A bug in poker is a limited form of wild card. One or both jokers are often added to the deck and played as bugs.

In draw poker played for high and pai gow poker, the bug is considered to be an ace, unless it can be used as a missing card to complete a straight or a flush, in which case it becomes the highest card which can complete the hand.

- K-K-Joker-5-2 is a pair of kings with an ace kicker.
- A-A-Joker-9-4 is three aces.
- A♥-J♥-8♥-3♥-Joker is a flush, ace-king high, the bug becoming the K♥, even if another player holds the "real" K♥.
- 7-6-5-4-Joker is an eight-high straight, the bug becoming an eight rather than a three since both complete the straight but the eight is higher.
- Joker-J♣-10♣-8♣-7♣ is a straight flush, jack high, the bug becoming the 9♣.

In California lowball, the bug is the lowest unpaired card in a hand.
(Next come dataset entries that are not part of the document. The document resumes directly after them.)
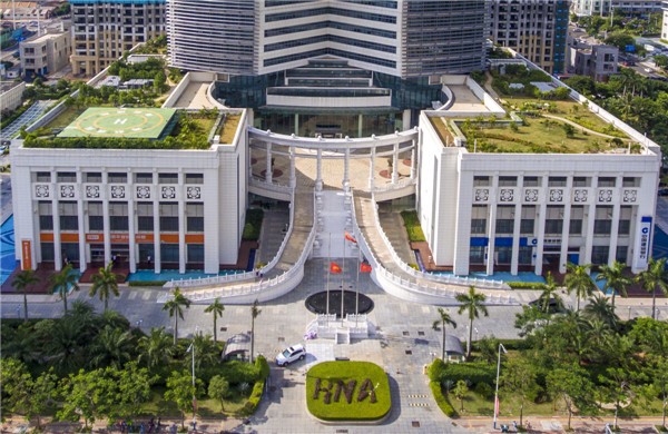 位于海口的海航集团总部大楼前,公司旗帜降半以悼念王健。
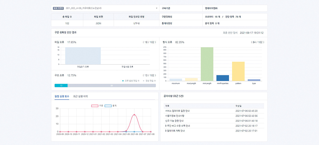 또 학습데이터의 규모 분석, 클래스의 다양성 분석 등 통계적 다양성 분석 기능을 제공해 품질 검수 비용 절감 및 고품질 학습용 데이터 확보가 가능하도록 지원한다.
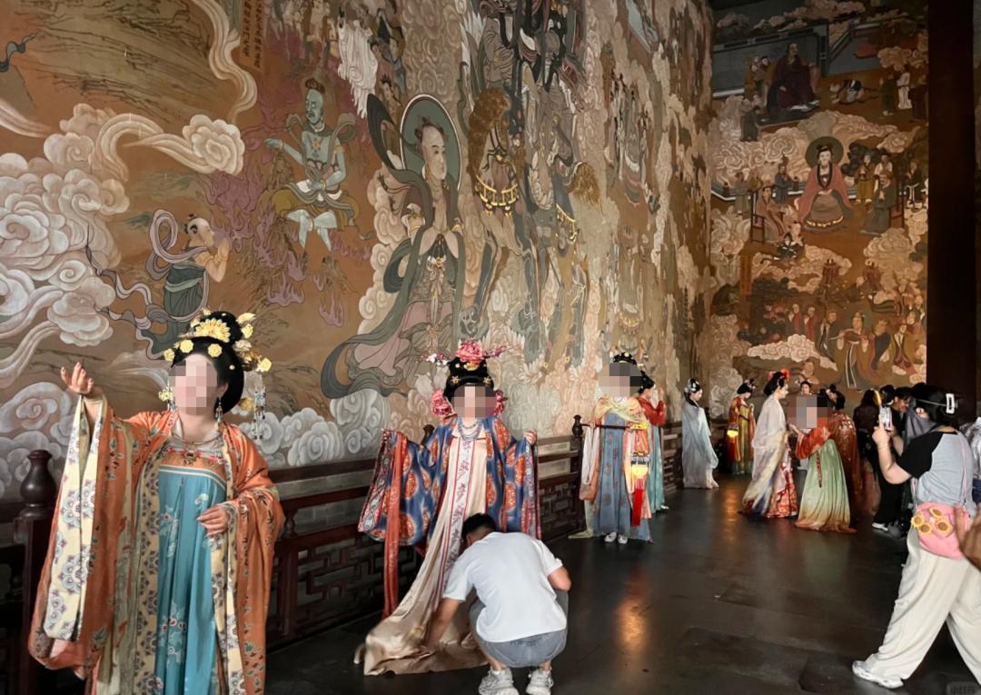 也常在华严寺门口遇到穿着传统服饰、梳着莫高窟壁画同款复古高髻妆容的‘供养人’们”;

For example, in 8-6-4-3 plus the bug, the bug becomes an ace; in A-2-3-5 plus the bug, the bug becomes a four.

Holding the bug greatly increases the power of certain drawing hands. For example, playing for high, a natural four-straight such as Q-J-10-9 drawing one has nine outs to complete the hand, any king or eight or the bug. By contrast, a four-straight including the bug can have as many as sixteen outs to complete the straight - Q-J-10-Joker can catch any ace, king, nine, or eight.